When a lease come to an end, the ‘dilapidations clause’ makes the tenant liable to restore the let premises to the same state they were in when the tenant first occupied them.
It is established law that when a lease comes to an end, the landlord cannot use the dilapidations clause to make a windfall profit out of a tenant.
This might occur, for example, when the schedule of dilapidations is agreed and payment made, but the landlord demolishes the property in order to redevelop it.
The principles that govern the payment under a dilapidations clause are:
- The amount of damages has to be assessed on a reasonable basis. The landlord’s intentions for the building are of central importance to this, as an intention to redevelop or demolish the property would probably render the dilapidations trivial. In a recent case, the argument that extensive refurbishment was one of the options available to a landlord was insufficient to dislodge a tenant’s liability for dilapidations since the landlord had other reasonable options for the property and had not yet decided what to do with it.
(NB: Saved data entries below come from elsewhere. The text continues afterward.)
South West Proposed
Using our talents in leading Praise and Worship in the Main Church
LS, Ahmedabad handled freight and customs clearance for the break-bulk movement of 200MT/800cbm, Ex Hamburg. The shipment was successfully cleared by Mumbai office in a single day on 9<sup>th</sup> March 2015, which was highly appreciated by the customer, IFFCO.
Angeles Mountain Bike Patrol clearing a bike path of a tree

- If there is no realistic alternative to demolition or redevelopment, then the fact that the landlord had no settled intention as regards the future of the premises may not have an effect on the assessment of the damages for dilapidations, which would normally therefore be nil or minimal.
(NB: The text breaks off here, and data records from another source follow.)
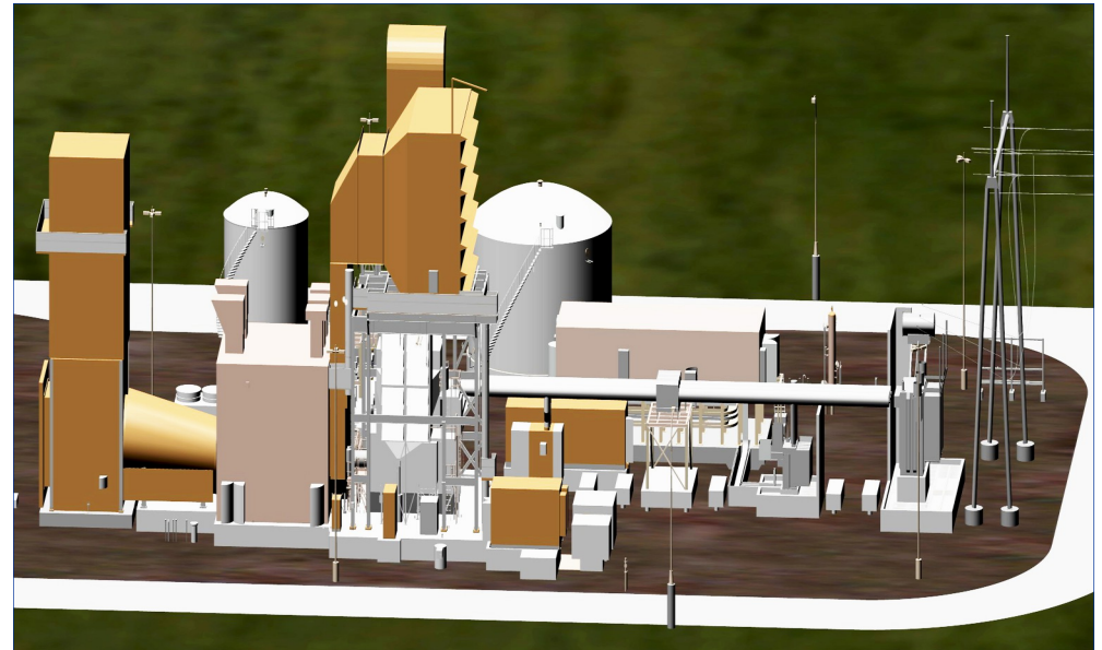
Rendering of the Charles D. Lamb Energy Center that is being built in northern Kay County, Oklahoma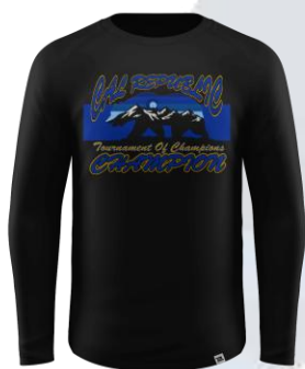
Champion's LS Shirt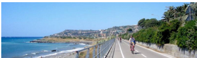
Pista Ciclabile del parco costiero della Riviera dei Fiori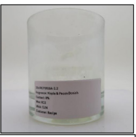
End of Burn Front - Sample 2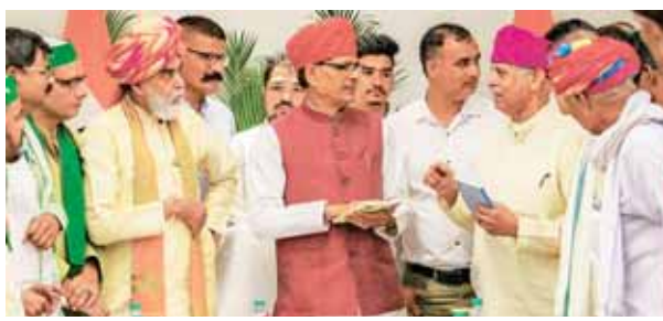
Union Minister for Agriculture and Farmers Welfare Shivraj Singh Chouhan during a meeting with farmers.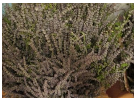
Image 2 - Lavandula Angustifolia flowers

In this situation, the only factors that could influence volatile oil's production and chemical composition were climatic factor. Monitoring the average monthly temperature variation in soil and air, rainfall and sunshine hours, we find that these could be determining factor for synthesis and different accumulation of terpenoids in plants.

- Where the landlord undertakes a scheme of redevelopment or refurbishment beyond that which the tenant could be expected to pay for, the landlord’s right to reimbursement is limited to what the tenant would have paid to put the premises in reasonable repair as they were previously. The landlord must carry the cost of improvements.
- If the landlord can prove it would have acted differently if the premises were returned in good repair, it can recover the cost of the dilapidations less the cost of any subsequent work undertaken which would have rendered putting right the dilapidations unnecessary.
- If the return of the premises in a dilapidated state results in loss of rent, the landlord may claim for the lost rent for any period which exceeds the period the tenant would have taken to comply with the dilapidations covenant, to the extent that the landlord can demonstrate a causal connection between the failure to repair and the loss of rent.